Featured Sauce: Scorpion

Wine Pairing: Sync Cabernet Sauvignon



  • 80/20 Ground Chuck or Ground Beef of choice
  • 1tbsp Worcestershire Sauce 
  • 1/2 Cup Mayonnaise
  • 1/4 Cup Ketchup
  • 1/4 Cup Dill Pickles Finely Diced
  • 1tbsp Dill Pickle Juice
  • 1/4tsp Ground Pepper
  • 1/2tsp Garlic Powder
  • 2 to 4tbsp of Heartbeat Hot Sauce Dill Pickle Serrano


  1. In a large bowl, mix Ground Beef, salt and pepper, Worcestershire sauce, and Heartbeat Hot Sauce Dill Pickle Serrano - lots of it -  together until well combined.

  2. Line a 4-inch wide lid with plastic wrap. Add a few spoonfuls of hamburger mixture to the lid and fold plastic wrap over the top to press and mould the burger patty. Unwrap from plastic wrap and place onto a plate or platter. Continue this process until you have created 8 patties, about 1/4 pound each, 1/3-1/2 inch thick, 4 inches across.

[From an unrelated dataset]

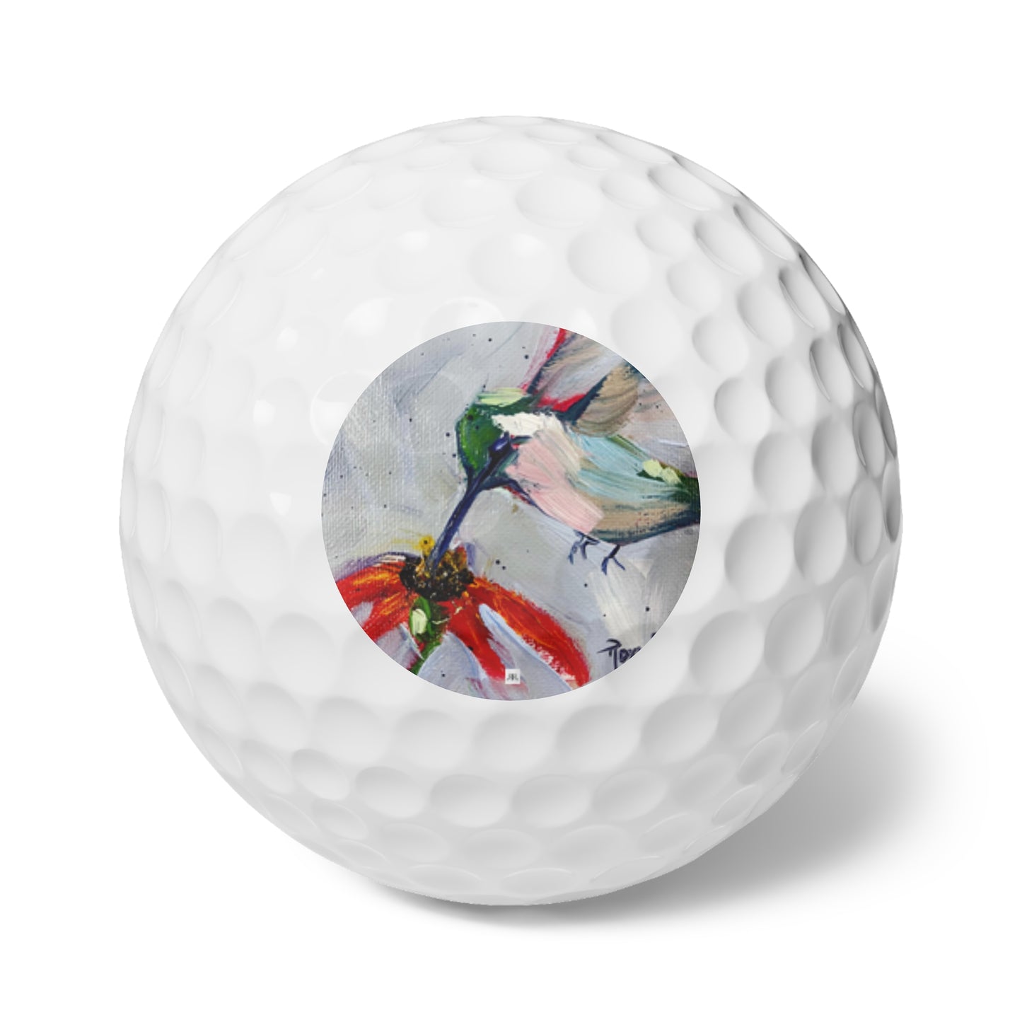 Golf Balls, 6pcs-Hummingbird at a Coneflower

  3. Cover and refrigerate for about 1 hour. (This will help the burgers keep their shape on the grill)

  4. While burgers are resting, make the secret sauce: stir mayonnaise together with ketchup, pickles, pickle juice, ground pepper, garlic powder, and even more Dill Pickle Serrano hot sauce. Place in refrigerator.

  5. Also, prep your burger toppings: slice tomatoes, wash and tear lettuce, slice the onion, etc.

  6. To grill, place each burger onto preheated grill. Cook 3 minutes on one side and then flip. Brush with BBQ sauce. Add cheddar cheese slices on each patty, cover and cook 1 minute. Turn grill off and then continue cooking another 3 minutes or until burgers register 160 degrees F.